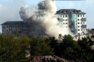 By evening, the militants were firing intermittently, possibly to save ammunition and extend the gunbattle. Army officers said they were in no hurry to storm the building and the operation to flush out the militants could take time.
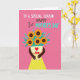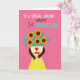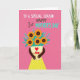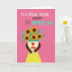 This greeting card features a bright fuchsia background that instantly draws the eye, with a celebratory message set across the top in white, dark gray, and teal lettering. Centered below, an abstract motherly figure with warm, dark-toned arms gently cradles a full bouquet, creating a tender, close-to-the-heart feeling ❤️. The figure wears a light cream top with a red heart emblem on the chest and a small matching bow near it, like a quiet sign of affection. A sunny yellow skirt sprinkled with white polka dots adds a light, friendly rhythm to the scene. Where a head would be, five golden-orange flowers bloom like cheerful faces, each with a deep brown center that feels warmly grounded 🌼. Teal leaves arc outward around the bouquet, dotted with tiny blue berry-like accents that add contrast and balance. The overall look stays flat and graphic with crisp edges and big areas of color, keeping the focus on the caring gesture. The top text sits above the figure while the bouquet fills the middle, framed by teal foliage against the fuchsia backdrop.
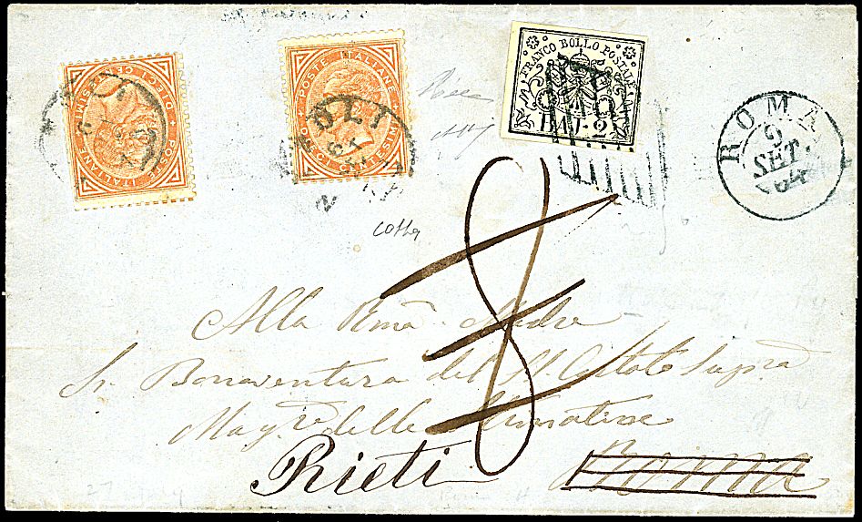 1863 - 10 c. ocra arancio (L17) due val. SPL su lettera da Napoli (6/9/64) a Roma, dove fu tassata e poi detassata in quanto affrancata per la respedizione del nuovo tratto Roma-Rieti con Pontificio 2 b. bianco verdastro (3Aa) Pregevole affrancatura mista - Cert. Colla + cert. RD
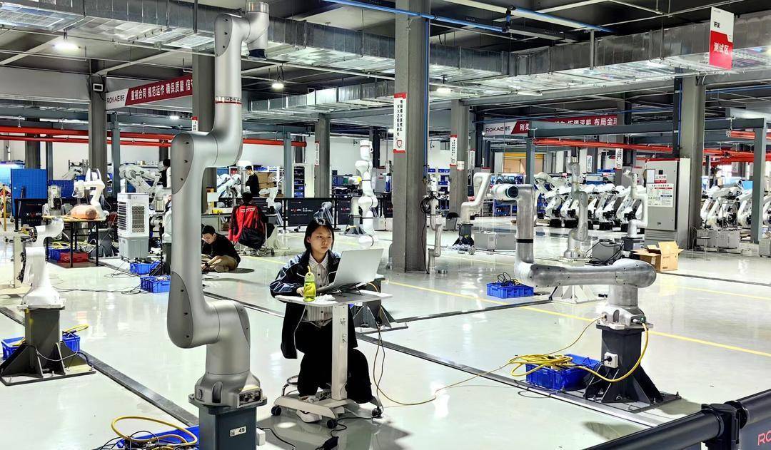 在珞石智能制造未来工厂,技术人员在测试柔性协作机器人。
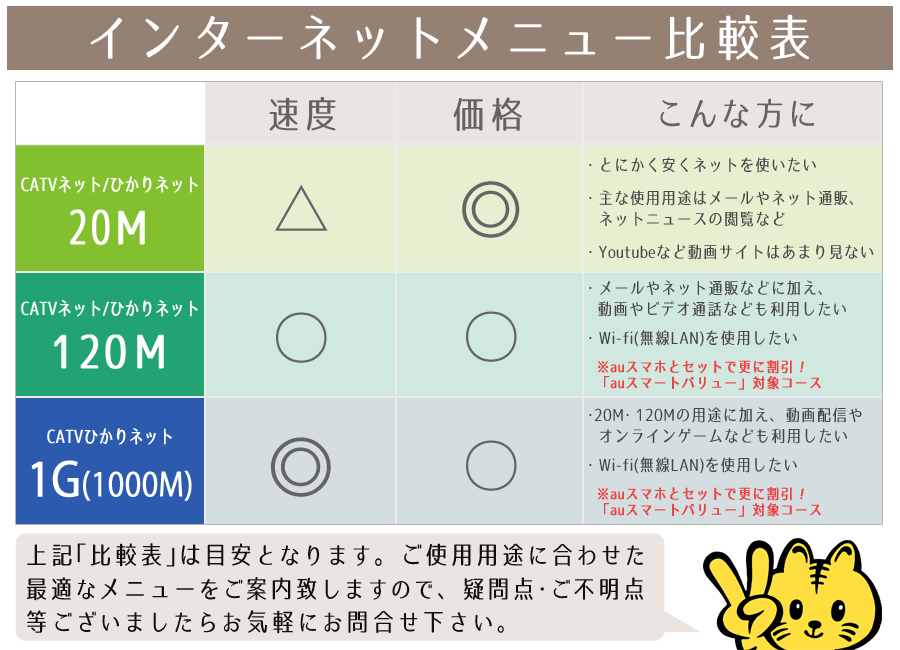 プロバイダ料・通信料・モデムレンタル料込み、メールアドレス1つ無料 ※CATVネットおよびCATVひかりネット20Mは、ベストエフォート型サービスです。実際の使用における一定の通信速度を保証するものではありません。また、お客様のご利用機器、設定状況、LAN環境などにより、通信速度は異なります。 ※平成29年3月31日以前より「CATVネット8M」「CATVひかりネット8M」をご利用頂いていたお客様については、自動的に「20M」へ増速されます。特に手続きや工事等は必要ございません。 ※現在のご契約のコース変更はこちらのページより承ります。 |
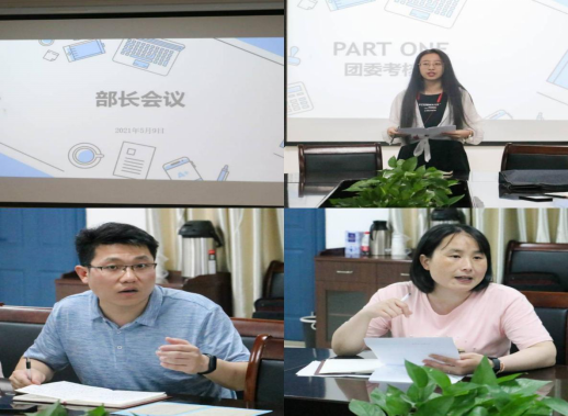 会议伊始,王宇同学对公司四月份青年大学习学习率、团学改革以及双创工作等项事宜做了简要说明,接着,她对五月份的各项工作进行了简单的安排并要求大家预估后期工作安排并及时完成任务,然后,各部门简单讲述了本部门的留任情况并对换届等相关事宜进行了讨论,最后,许老师和车老师对20级留任事宜进行了相应总结,对员工会常规工作考核提出了相应要求。
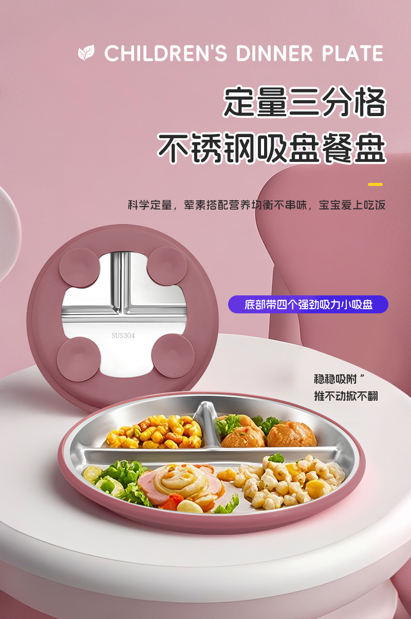 Bandeja de comedor de acero inoxidable 304 para niños Juego de cinco piezas Ventosa inferior Tipo de rejilla dividida Vajilla para niños Placa de rejilla cuantitativa para estudiantes
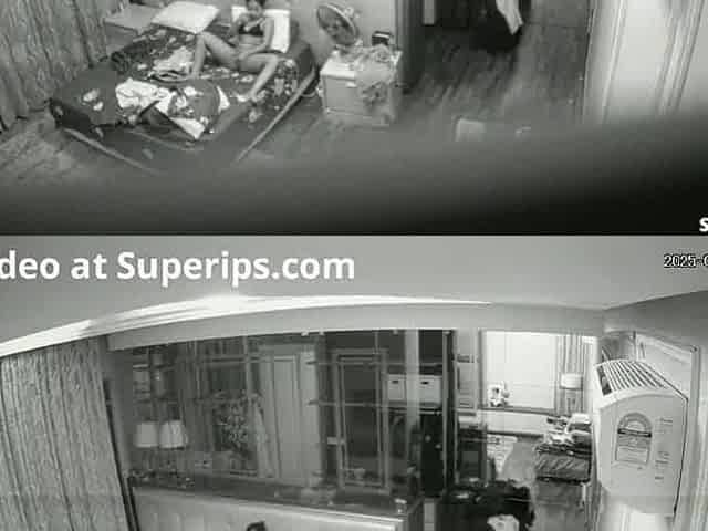 Spy cam watches chick shower
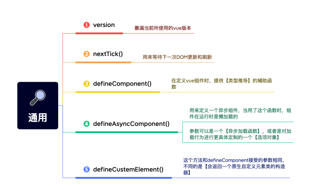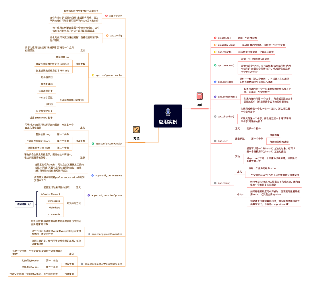 vue3 的全局 API 包含两个部分:应用实例和通用 API。那它们各自都有哪些内容呢?
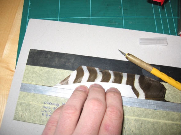 Federn spleißen und Federn schneiden. Die weißen Seitenflächen der Federkiele nun farbig angleichen. Mit der selbstgebauten Crestingmaschine das Cresting vorzeichnen und mit Edding-Stiften ausmalen. Das fertige Cresting.

| Work instructions |
The lines from the one containing "1863 - 10 c." up to and including the last line of the material above are to be given again exactly; any pictures are dropped.

| Output |
 1863 - 10 c. ocra arancio (L17) due val. SPL su lettera da Napoli (6/9/64) a Roma, dove fu tassata e poi detassata in quanto affrancata per la respedizione del nuovo tratto Roma-Rieti con Pontificio 2 b. bianco verdastro (3Aa) Pregevole affrancatura mista - Cert. Colla + cert. RD
 在珞石智能制造未来工厂,技术人员在测试柔性协作机器人。
 プロバイダ料・通信料・モデムレンタル料込み、メールアドレス1つ無料 ※CATVネットおよびCATVひかりネット20Mは、ベストエフォート型サービスです。実際の使用における一定の通信速度を保証するものではありません。また、お客様のご利用機器、設定状況、LAN環境などにより、通信速度は異なります。 ※平成29年3月31日以前より「CATVネット8M」「CATVひかりネット8M」をご利用頂いていたお客様については、自動的に「20M」へ増速されます。特に手続きや工事等は必要ございません。 ※現在のご契約のコース変更はこちらのページより承ります。 |
 会议伊始,王宇同学对公司四月份青年大学习学习率、团学改革以及双创工作等项事宜做了简要说明,接着,她对五月份的各项工作进行了简单的安排并要求大家预估后期工作安排并及时完成任务,然后,各部门简单讲述了本部门的留任情况并对换届等相关事宜进行了讨论,最后,许老师和车老师对20级留任事宜进行了相应总结,对员工会常规工作考核提出了相应要求。
 Bandeja de comedor de acero inoxidable 304 para niños Juego de cinco piezas Ventosa inferior Tipo de rejilla dividida Vajilla para niños Placa de rejilla cuantitativa para estudiantes
 Spy cam watches chick shower
 vue3 的全局 API 包含两个部分:应用实例和通用 API。那它们各自都有哪些内容呢?
 Federn spleißen und Federn schneiden. Die weißen Seitenflächen der Federkiele nun farbig angleichen. Mit der selbstgebauten Crestingmaschine das Cresting vorzeichnen und mit Edding-Stiften ausmalen. Das fertige Cresting.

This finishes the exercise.